With this data, you can then calculate the total amount for the reservation.
Option #2:
However, there is also another option, which is to store the total cost and discount in the reservation table so that it is much easier to fetch these calculations. The downside is that your data becomes much more dependent and much less flexible to work with. What I mean is that you have to manually update the total cost and discount of the reservation table every time you change a room or a coupon that is linked to a reservation.
What is generally recommended in terms of performance (option #2) version data independence (option #1).
UPDATE:
It is a MySQL database with over 500 000 rows (reservations) at this point, but is growing rapidly. I want to optimize database performance at an early stage to make sure that the UX remains fast and responsive.
Let me start to answer this with a story. (Somewhat simplified.)
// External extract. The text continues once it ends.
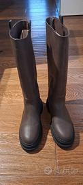 Vendo stivali colore marrone mis.43 , nuovi , ancora con etichetta causa misura errata. Alti fino al ginocchio , gamba e pianta larga.

2011-01-01 I reserve a room for two nights, 2011-03-01 and 2011-03-02. You don't tell me which room I'll get. (Because you don't know yet which room I'll get.) You tell me it will cost $40 per night. I have no coupons. You enter my reservation into your computer, even though you're already fully reserved for both those nights. In fact, you already have one person on the waiting list for both those nights. (Overbooking is a normal thing, not an abnormal thing.)
2011-01-15 You raise the rates for every room by $5.
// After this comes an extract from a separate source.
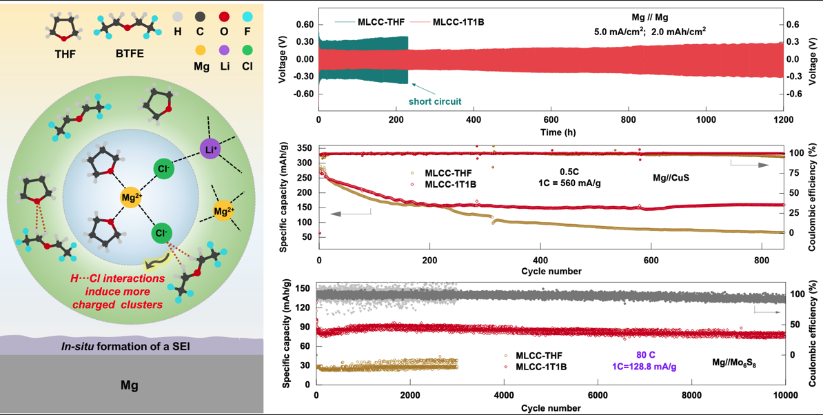 最近,清华大学张跃钢教授课题组设计引入双(2,2,2-三氟乙基)醚(BTFE)作为MLCC电解液的共溶剂,促进了带电离子团簇和固体电解质中间相(SEI)的生成,有效改善了电解液的离子电导率和镁金属负极的长循环稳定性。得益于BTFE共溶剂对电解液溶剂化结构和负极界面的调控,BTFE共溶的MLCC-1T1B电解液可以在20.0 mA/cm2的超高电流下可逆沉积-溶解镁。Mg//Mg电池在5.0 mA/cm2和15.0 mA/cm2电流密度下可分别循环1200 h和250 h,在电流密度、沉积容量以及循环寿命方面的性能显著优于目前报道的Mg//Mg对称电池。Mg//CuS全电池可循环800次,放电比容量高达160mAh/g;Mg//Mo6S8全电池可在80 C(1 C=128.8 mA/g)的超高倍率下工作10000次。这一研究工作提供了一种有效的溶剂化结构和界面调控策略,对推动镁二次电池的实用化具有重要意义。

2011-02-01 I call again to make sure you still have my reservation. You confirm that I have a reservation for two nights, 2011-03-01 and 2011-03-02, at $40. (Not $45, your current rate. That wasn't our deal. Our deal was $40 a night.)
2011-02-12 One person calls and cancels their reservation for 2011-03-01 and 2011-03-02. You still don't yet have a room you know for certain that I'll be able to check in to. The other person from the waiting list now has a room; I'm still on the waiting list.
2011-02-15 One person calls and cancels their reservation for 2011-03-01 and 2011-03-02. Now I have a room.
2011-03-01 I check in with a coupon.
You can store the "current" or "default" price with each room, or with each class of
rooms, but you need to store the price we agreed to with my
reservation.
Reservations don't reserve rooms; they reserve potential rooms. You
don't know who will leave early, who will leave late, who will
cancel, and so on. (Based on my experience, once in a while a room will
be sealed with crime scene tape. You don't know how long that will last, either.)
You can have more reservations than room-nights.
Coupons can presumably appear at any time before check out.
If you want to get an overview of the reservations for a particular
month with the total cost of each reservation, you'd have to fetch the
reservations, the rooms for each reservation, and the coupon (if one
is present).
I don't think so. The price you agreed to should be in the reservation itself. Specific rooms can't resonably be assigned until the last minute. If there's one coupon per reservation, that might need to be stored with the reservation, too.
The only reporting problem is in making sure your reports clearly report how much expected revenue should be ignored due to overbooking.
The response of your answer depends of the size of your database. For small database option #1 is better, but for huge database option #2 is better. So if you could say how many rows you got in table, and the database used (oracle, sqlserver etc.) you will have a more precise answer.
You can add a table holds the data of the rooms`s historical prices and reason for change.
Table 2 only records the latest price.